Entre os proprietários que virão a ser mais atingidos por semelhante medida e perderão as suas propriedades encontram-se os emigrantes que, devido à distância, não tomarão conhecimento das referidas notificações.

Sucede que, ao invés do que propalam, salvo raras excepções não existem “terrenos sem dono” porque toda a propriedade rústica e urbana deve estar registada nas Repartições de Finanças que procedem à devida cobrança dos impostos de acordo com a Lei.
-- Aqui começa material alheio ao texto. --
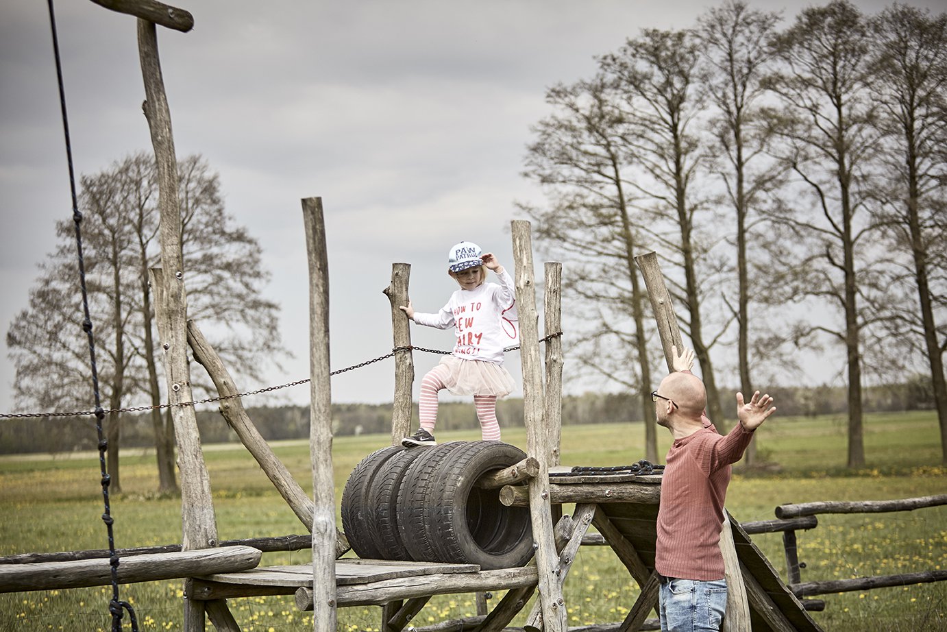 W Siedlisku Leluja zwierzaki to nie jedyna atrakcja. Zaraz przy wejściu maluchy wita domek na drzewie. A dalej jest tylko lepiej! Plac zabaw z torem przeszkód; staw, w którym można pływać (wpław albo na tratwie); błotna zagroda. Moim dzieciakom najbardziej spodobała się stodoła, w której można spać! Ta stodoła to równocześnie wielka salka zabaw, gdzie zamiast basenu z kuleczkami jest basen z sianem. A skakać można do niego prosto z huśtawek!
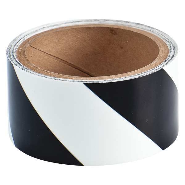 Floor Marking Tape, Continuous Roll, Striped, Black/White, 2 in, 15 ft, 8 mil, Polyester, Brady(R), BradyGlo(TM), Series B-324, Legend No Legend, Glow In The Dark Yes, Retroreflective Grade Non-Reflective
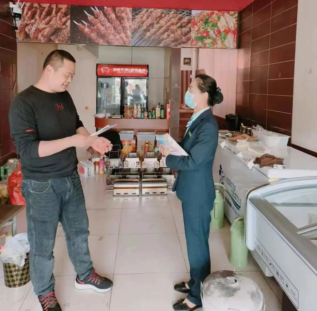 淄博邮政工作人员携带移动展业设备进行上门办理,为客户现场布放收单设备。目前,已走访800余户烧烤店铺,为420余户烧烤商户布放了设备,满足了商户收费需求。

Mesmo aquelas propriedades cujo registo não era conhecido, têm vindo nas últimas décadas a sua posse a ser regularizada nomeadamente através da figura jurídica do usucapião. Por conseguinte, o Estado sabe a quem pertencem os alegados “terrenos sem dono” e tem capacidade para obrigar os seus legítimos proprietários a cumprir os seus deveres, incluindo a limpeza dos terrenos florestais. E, os próprios municípios possuem o cadastro de todas as propriedades, dispondo inclusivamente de bases de dados geográficas informatizadas.

A propriedade privada é um direito que garante a liberdade e livre iniciativa dos cidadãos, neste caso de pequenos proprietários que, em muitos casos, devido à má governação dos políticos, sentiram-se forçados a emigrar para agora verem o esbulho do seu património. Por muito menos já se tocaram os sinos a rebate!